The Laboratory studies biologically active molecules, membranous and membrane-active proteins and develops new methods of optical microscopy and spectroscopy to support these studies. Developed methods are used to study the action mechanisms and structural-functional interrelationships of investigated molecules at different levels of structural organization: molecular, cellular and tissue.

The methods of microscopy of single-molecules and their complexes are developed in the Laboratory using the unique scientific equipment. It includes an installation for one-photon and multiphoton 4Pi superresolution microscopy and an installation for fluorescence microscopy based on the effect of total internal reflection. Both installations have got a high sensitivity, allowing registering fluorescent signals even from single molecules.
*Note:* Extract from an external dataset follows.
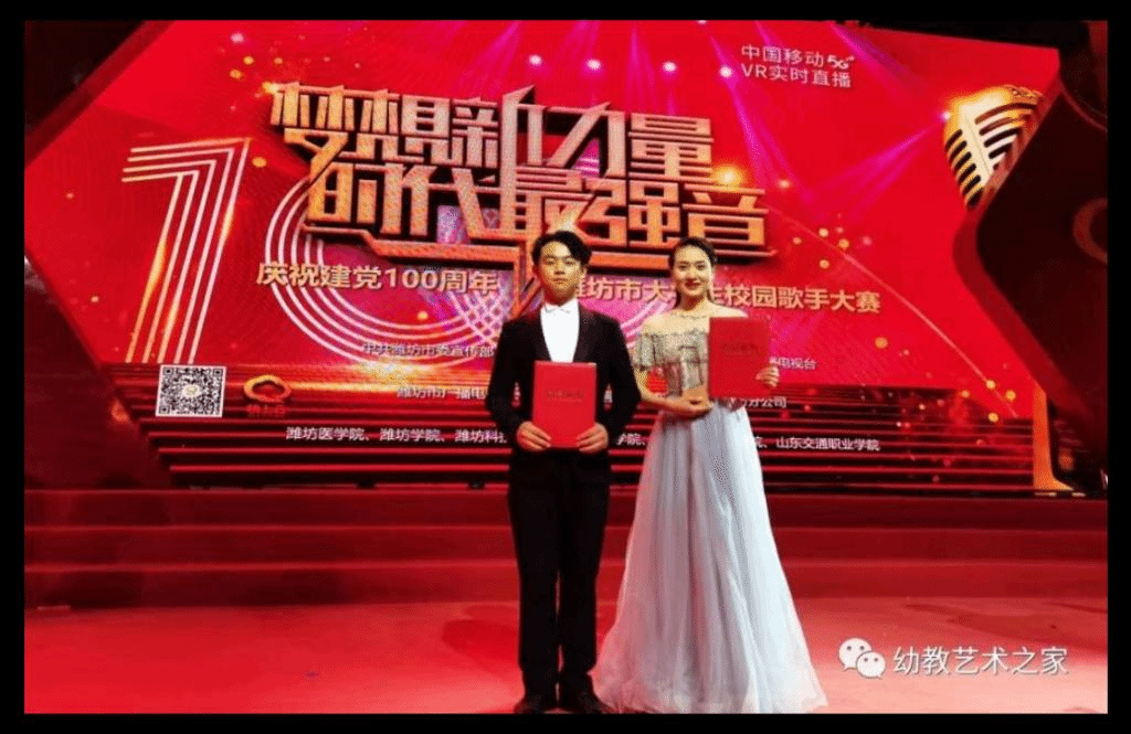 3“梦想新力量 时代最强音”庆祝建党100周年潍坊市大学生校园歌手大赛中我校学生韩嘉琪以一首《美丽家园》荣获第一名,龙宗斌一首《向往》获得第十一名。

Experimental installation for confocal laser microspectroscopy was created in the Laboratory. Also, the method of confocal microspectroscopy and reconstruction of spectral images (COMIRSI) was developed that provided possibility to identify and study molecular interactions of biologically active compounds in living cells with a three-dimensional submicron spatial resolution. The experimental installation and the COMIRSI method are widely used  in the development, scientific and clinical studies of new Russian photosensitizers for photodynamic cancer therapy, as well as in the studies of membrane and membrane-active proteins.

The Laboratory is open for cooperation with the departments of the Institute and other scientific organizations.
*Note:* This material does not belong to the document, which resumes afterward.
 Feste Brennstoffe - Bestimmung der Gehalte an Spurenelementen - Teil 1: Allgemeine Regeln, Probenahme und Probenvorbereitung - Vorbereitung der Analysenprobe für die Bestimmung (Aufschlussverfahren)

The development of analytical systems based on hybrid ion channels for the search and study of potassium channel blockers is conducted jointly with the Group of nanobioengineering. A search and study of potassium channel blockers in scorpion venoms are carried out in collaboration with the Molecular Instruments for Neurobiology Group. The functional properties of toxins from snake venom are studied together with the Laboratory of Molecular Toxinology.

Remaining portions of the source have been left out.